Oboe and Chamber Orchestra (Strings and 4 Horns)
This piece was originally conceived of when I was at Brevard in the summer of 1999. A group of string playing friends of mine were getting together to read down some string quartets and quintets and I decided to tag along. I'd asked them if they'd read down a piece I wanted to write. Well, the next day, I spent all my free hours hacking out a 20-measure tune for oboe and strings. When my colleagues got together, we played through it.
(Incidentally, anyone who read the March-June of 2000 issues of "The Instrumentalist" will see a photo of this event used in the summer music camp ads section... A photographer was wandering around and shooting random activity pictures and, well, he decided to point the camera at us!)
After playing through this little ditty, I began trying to write it into a much longer and fully-developed piece. Sadly, I didn't get too far and, in time, the piece was forgotten. A few years later, after graduating from FSU, premiering "Impressions," and being hired by the Pensacola Symphony, I got the idea to write myself a complete oboe concerto.

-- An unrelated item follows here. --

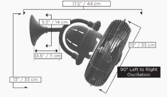 Vintage Charm and Modern Efficiency. Inspired by classic train cabin ventilators, its smooth 90° oscillation—left to right, forward and reverse—cools your space with poise and precision. With a low profile yet undeniable strength, the Kaye can be mounted on the wall or ceiling, perfect for small or awkward spaces. Crafted from durable cast aluminum and stamped steel, it enhances the efficiency of your HVAC system while offering timeless elegance. Backed

I knew that I wanted this piece from Brevard to be a part of one of the movements, but it took quite some time for me to develop it properly into what I would call a decent piece of music. (This is why the first movement was finished last!) An interesting thing about my composing this piece was the fact that the second and third movements came to mind very quickly! Perhaps the Great Muse was speaking to me at that time, but in less than a month, I'd finished those two movements! (And then promptly recorded them!)
This piece was written, for the most part, using classical forms and more modern tonalities... though I intended it to be very diatonic and listener-friendly.
The First Movement, "Pastoral Sonata," was inspired by a hearing of Orff's "Carmina Burana." When I was thinking of something to write for my friends and I at Brevard, one of the baritone arias from "Carmina" lodged itself into my head and I found myself wondering if I could take the string orchestra accompaniment and write an oboe solo over it to replace the baritone part. The melody was meant to be original and, as I wrote, I very quickly moved away from Mr. Orff's work and into my own realm. Still, the similarity at the beginning is there.

When coming back to this piece (and finishing it), I had new set of musical ideas that involved my friends in the Pensacola Symphony's horn section. I decided to write small solos for each player over the course of this movement as well as some horn chorales that support the solo oboe line.

This movement has a tonal center of E, though the question of it being major or minor is somewhat ambiguous... especially as the first theme was written in the Dorian mode!
The Second Movement, called "Meditation" was also inspired by someone else's work, but the music is a little more obscure. Memories of the movie The Dark Crystal brought back into my mind a short tune that was played by a flute and clarinet during the Gelfling ruins scene. Within moments of thinking about that little passage, I began composing what would have been a variation on it.

Not long after, the piece began developing a life of its own and, with the addition of some completely original material (2nd theme, accompaniment, etc.) I had completed what I still think is one of my most dramatic sounding works to date! This movement starts in G minor, but then a change of key and mode brings it to a conclusion in E Major, which serves to set up the 3rd movement.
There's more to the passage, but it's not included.